The catalog can be used to identify data of interest.  See the format
description in section 3.6 for additional information.

The release catalog is available at:
  ftp://ftp.ncbi.nlm.nih.gov/refseq/release/release-catalog/RefSeq-release#.catalog

The catalog for previous releases is available in the archive directory:
  ftp://ftp.ncbi.nlm.nih.gov/refseq/release/release-catalog/archive/

2.5 Changes since the previous release:	
--------------------------------------
[1] New eukaryotic genome annotations
    This release includes new annotations generated by NCBI's eukaryotic genome annotation pipeline
    for 22 species, including
      Sheep annotation release 104, based on new assembly ARS-UI_Ramb_v2.0 (GCF_016772045.1)
      Black-legged tick annotation release 103, based on new assembly ASM1692078v2 (GCF_016920785.2)
      Arctic fox annotation release 100, based on assembly ASM1834538v1 (GCF_018345385.1)
      Mariana crow annotation release 100, based on assembly C.kubaryi_AGA036_p1.0 (GCF_017639235.1)
      Elephant shark annotation release 101, based on new assembly IMCB_Cmil_1.0 (GCF_018977255.1)

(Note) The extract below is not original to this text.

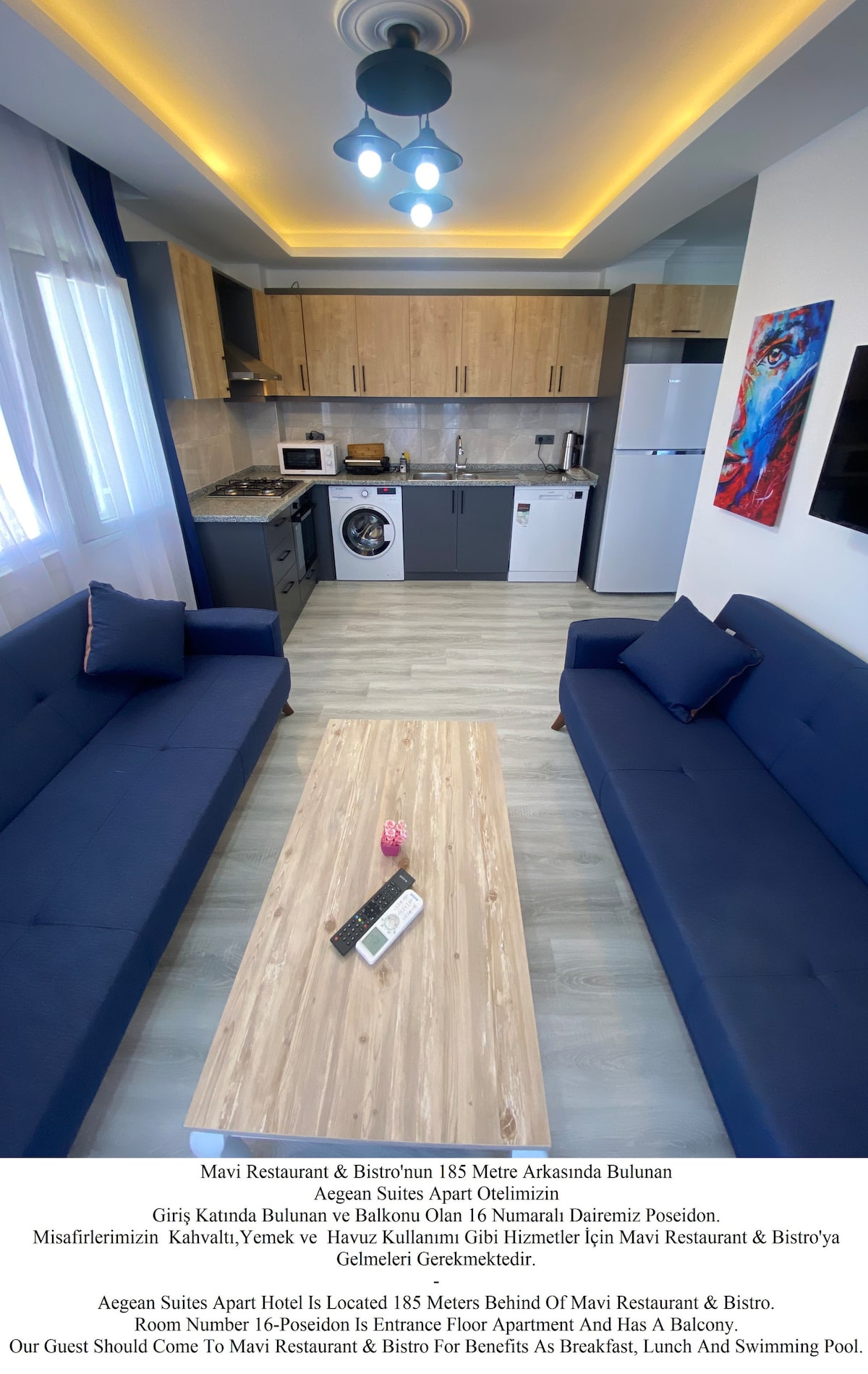 Mavi Restaurant & Bistro'nun 185 Metre Arkasında Bulunan Aegean Suites Apart Otelimizin Giriş Katında Bulunan ve Balkonu Olan 16 Numaralı Dairemiz Poseidon. Aegean Suites Apart Hotel Is Located 185 Meters Behind Of Mavi Restaurant & Bistro. Room Number 16-Poseidon Is Entrance Floor Apartment And Has A Balcony.

[2] Re-annotation of RefSeq genome assemblies for E. coli and four other species
    We have re-annotated all RefSeq genomes for Escherichia coli, Mycobacterium tuberculosis,
    Bacillus subtilis, Acinetobacter pittii, and Campylobacter jejuni using the most recent release
    of PGAP. You will find that more genes now have gene symbols (e.g. recA).
      https://go.usa.gov/xFcGV
    PGAP release notes: https://go.usa.gov/xFcGf

[3] Introducing the new NCBI Datasets Genomes page
    The updated NCBI Datasets Genomes page now has genome data for all domains of life, including
    bacterial and viral genomes.
      https://go.usa.gov/xFc7U

Previous Announcement:
----------------------	
[1] Updated human genome Annotation Release 109.20210514
    Updated Annotation Release 109.20210514 is an update of NCBI Homo sapiens Annotation
    Release 109. 
    The annotation report is available here:
      https://www.ncbi.nlm.nih.gov/genome/annotation_euk/Homo_sapiens/109.20210514/
    The annotation products are available in the sequence databases and on the FTP site.
      ftp://ftp.ncbi.nlm.nih.gov/genomes/all/annotation_releases/9606/109.20210514/   

[2] Other new eukaryotic genome annotations
    This release includes new annotations generated by NCBI's eukaryotic genome annotation pipeline
    for 45 additional species, including:
      Chicken annotation release 105, based on two new assemblies
        bGalGal1.mat.broiler.GRCg7b (GCF_016699485.2)
	bGalGal1.pat.whiteleghornlayer.GRCg7w (GCF_016700215.1) 
      Xenopus laevis (African clawed frog) annotation release 101, based on new assembly
      Xenopus_laevis_v10.1 (GCF_017654675.1) 
      Common frog annotation release 100, based on new assembly aRanTem1.1 (GCF_905171775.1)
      Common toad annotation release 100, based on new assembly aBufBuf1.1 (GCF_905171765.1)
      Soybean annotation release 104, based on new assembly Glycine_max_v4.0 (GCF_000004515.6)
      Black-legged tick annotation release 102, based on new assembly Ixodes_scapularus_ComboLowHiFi
      (GCF_016920785.1) 
      Platypus annotation release 105, based on new assembly mOrnAna1.pri.v4 (GCF_004115215.2) 
      Polar bear annotation release 101, based on new assembly ASM1731132v1 (GCF_017311325.1)
      Great white shark annotation release 100, based on new assembly sCarCar2.pri (GCF_017639515.1)
      Cotton annotation release 101, based on new assembly Gossypium_hirsutum_v2.1 (GCF_007990345.1)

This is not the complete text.